The problem set also asks you to use Mathematica to help solve some of its problems.
Two recently discussed features of Mathematica will be particularly helpful, namely
the ability to define your own functions, and the built-in Solve
function for solving equations. We will discuss these features in class on October 31.
Solve each of the following problems.
Consider the production function
\[f(x,y) = 2 x^{0.3} y^{0.7}\]with the constraint
\[x + y \le 100\]In addition to this constraint, assume that \(x\) and \(y\) must always be greater than or equal to 0.
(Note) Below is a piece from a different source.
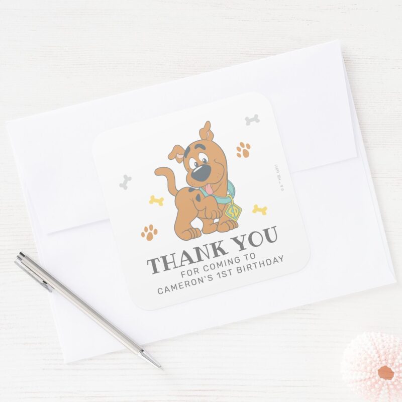 Scooby Doo First Birthday Thank You Square Sticker vinyl sticker, waterproof durable collectible sticker for laptop, phone, bottle, bike, notebook, helmet, and accessories.

Use critical points and the values of \(f\) along the boundaries of the region in which \(x\) and \(y\) must lie to find the values of \(x\) and \(y\) that maximize production. Find the value of \(f\) at that point. You may use Mathematica to help you with the calculations and record-keeping in this problem.
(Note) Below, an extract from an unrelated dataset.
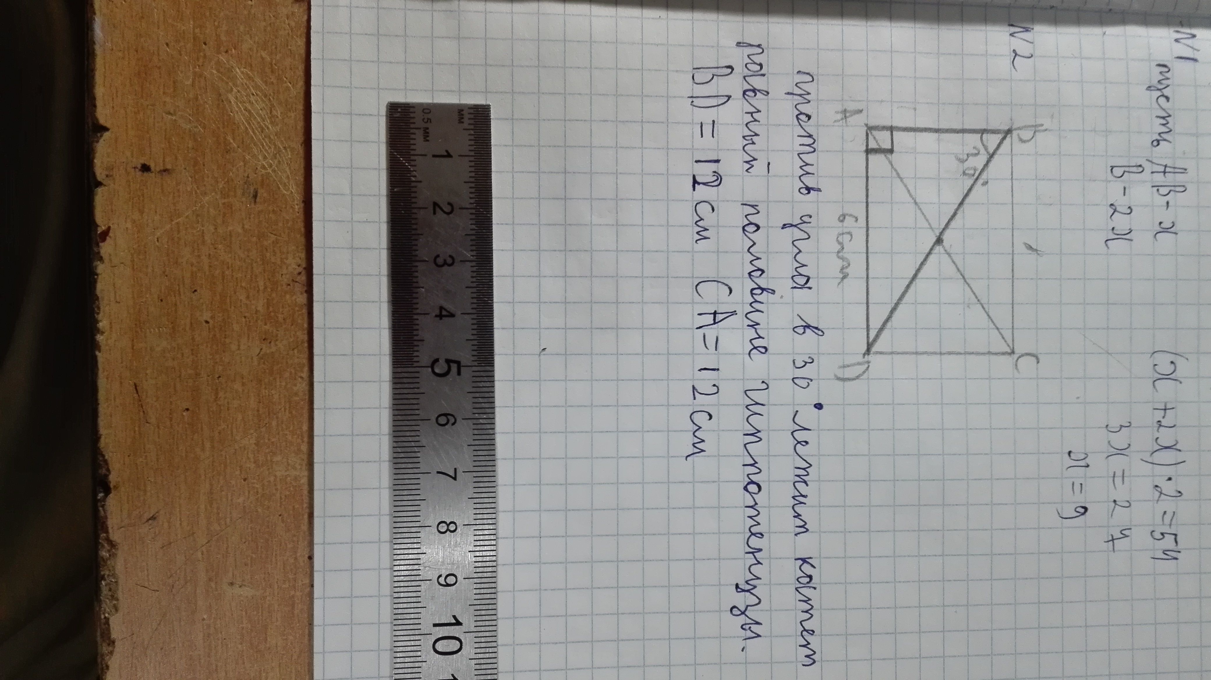 х=6 см (стороны АД и ВС)

Use Lagrange multipliers to find the values of \(x\) and \(y\) that maximize production. Confirm that you find the same values as you found in Part A.
(Exercise 26 in the 13.8E of our textbook.)
Find the minimum distance from the parabola \(y = x^2\) to point \((0,3)\).
Consider the four-variable function
\[f(x,y,z,w) = x^2 + y^2 + z^2 + w^2 - 2x + 4z - 2w + 6\]Find the critical point (there’s only one) for \(f\).
I don’t know that there’s a second derivative test to decide what happens at a critical point of a 4-variable function, but try to think of, and informally justify, an analog of the first-derivative test from single-variable calculus that you could use to justify believing that the critical point you found in Part A corresponds to a local minimum.
I will grade this exercise during an individual meeting with you. That meeting should happen on or before the “Grade By” date above. During the meeting I will look at your solution, ask you any questions I have about it, answer questions you have, etc. Sign up for the meeting via Google calendar. Please have a written solution to the exercise ready to share with me during your meeting, as that will speed the process along.